In the minds of the ultra-wealthy, safety and capital conservation are first and foremost. So what’s the key to wealth preservation for family offices and their client base in these turbulent times? Greater asset diversification through alternative assets.
Moving the portfolio forward is essential for family office wealth creation, not only for the present situation of wealthy clients but for the transfer of wealth to their future generations.
More and more, this need for diversification is driving family office fiduciaries to actively seek out alternative investments such as private equity, hedge funds, real estate and collectables such as art. Navigating sophisticated and complicated yet rewarding asset classes can be difficult without the right information, advice and tools.
With the increasing complexity of wealth and the need to coordinate professional activities, the family office has evolved as a central advisory source. In fact, recent research by the Kass Family Group has concluded that out of a pool of affluent clients who resigned from their financial advisors, 40 percent would prefer to be a member of a family office.
Traditionally, the family office has retained traditional investment managers in mutual funds, separate managed accounts, ETFs, bonds, fixed income assets, administrating the majority of the family office’s portfolio.
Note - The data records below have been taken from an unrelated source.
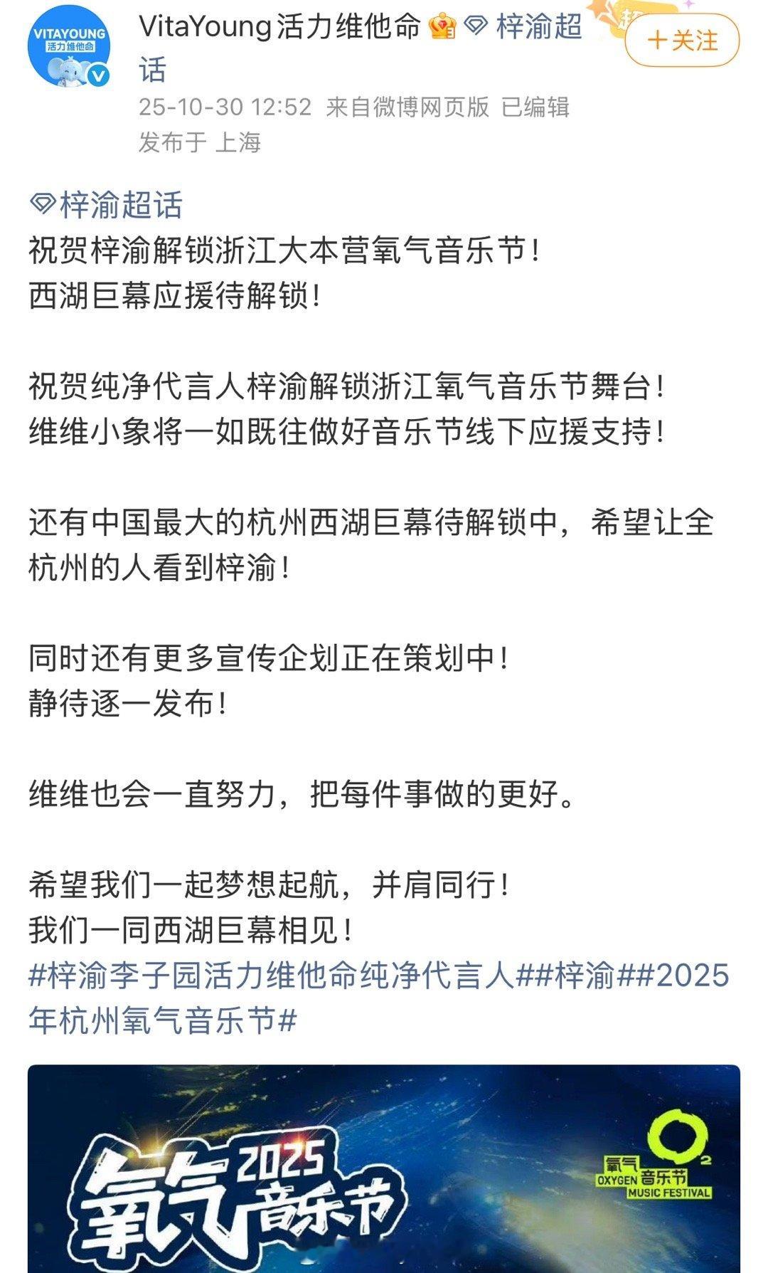 维他命给丁禹兮新剧云包场后立马又给梓渝安排了音乐节大屏应援,粉丝不买账,说太敷衍
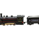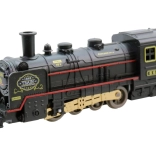 Čierna lokomotíva s červenými a zlatými prvkami, komínom a výraznými kolesami dodá každej jazde atmosféru skutočnej železnice.
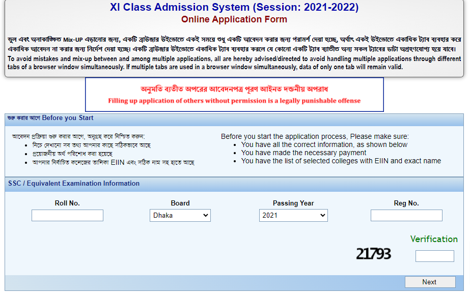 আজকে থেকে শুরু হয়ে গেলো একাদশ ভর্তির অনলাইন ফরম পূরণ।
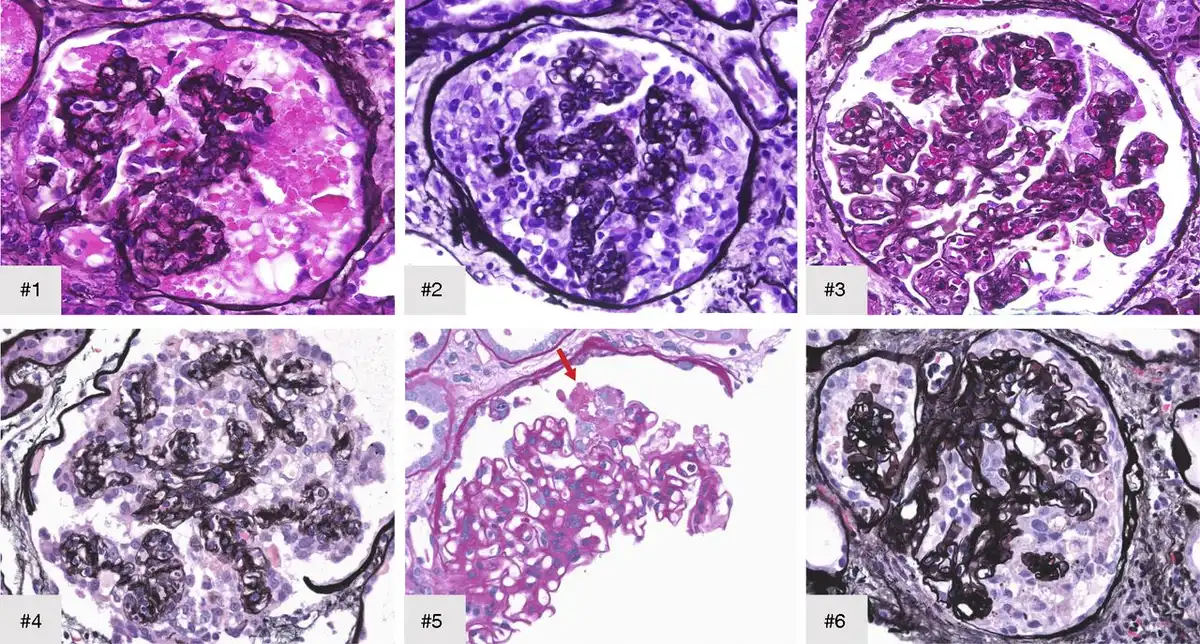 Collapsing glomerulopathy, showing collapse of glomerular tuft with overlying hypertrophy and hyperplasia of visceral epithelial cells and marked protein droplets in cases 1–6. Arrow, early segmental collapsing lesion. #1–#4 and #6, Jones methenamine silver; #5, Periodic acid–Schiff; original magnification, ×500 in #1 and ×400 in #2–#6.
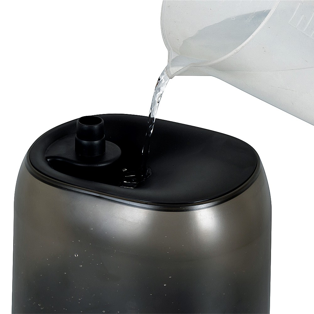 Zamgławiacz posiada duży 4 litrowy pojemnik na wodę. Taki zapas wystarczy na kilkadziesiąt dni pracy. Wodę można łatwo dolać poprzez wlot znajdujący się na górze urządzenia. Dolewanie wody nie wymaga demontażu jakiejkolwiek części.

However, for most family offices, utilizing traditional investing models is not enough. Not enough for a family office; especially the single model to achieve year in and year out profitability.
Many family offices prefer alternative investment managers to head hedge funds, managed futures, private equity and venture capital in order to use multiple types of investment strategies to achieve their returns. Lately, alternative investments often outperform the equities market, especially in down markets. Other areas of recent interest are timber, water resources and credit (debt).
Hedge funds and private equity firms are often used in family office portfolios with the hope of achieving a good risk adjusted return, or alpha. There are over 15,000 hedge fund and private equity funds in the world and their strategies are diverse and dynamic.
The very same advice family offices echo to their clients of diversifying their assets is key to firms’ profitability, even their survivability, during these rocky economic times. That may very well be true as another Kass study (151 FOs) concluded that 85 percent of family offices are committed to hedge funds, while 50 percent are in private equity investments, featuring pure alternative asset classes.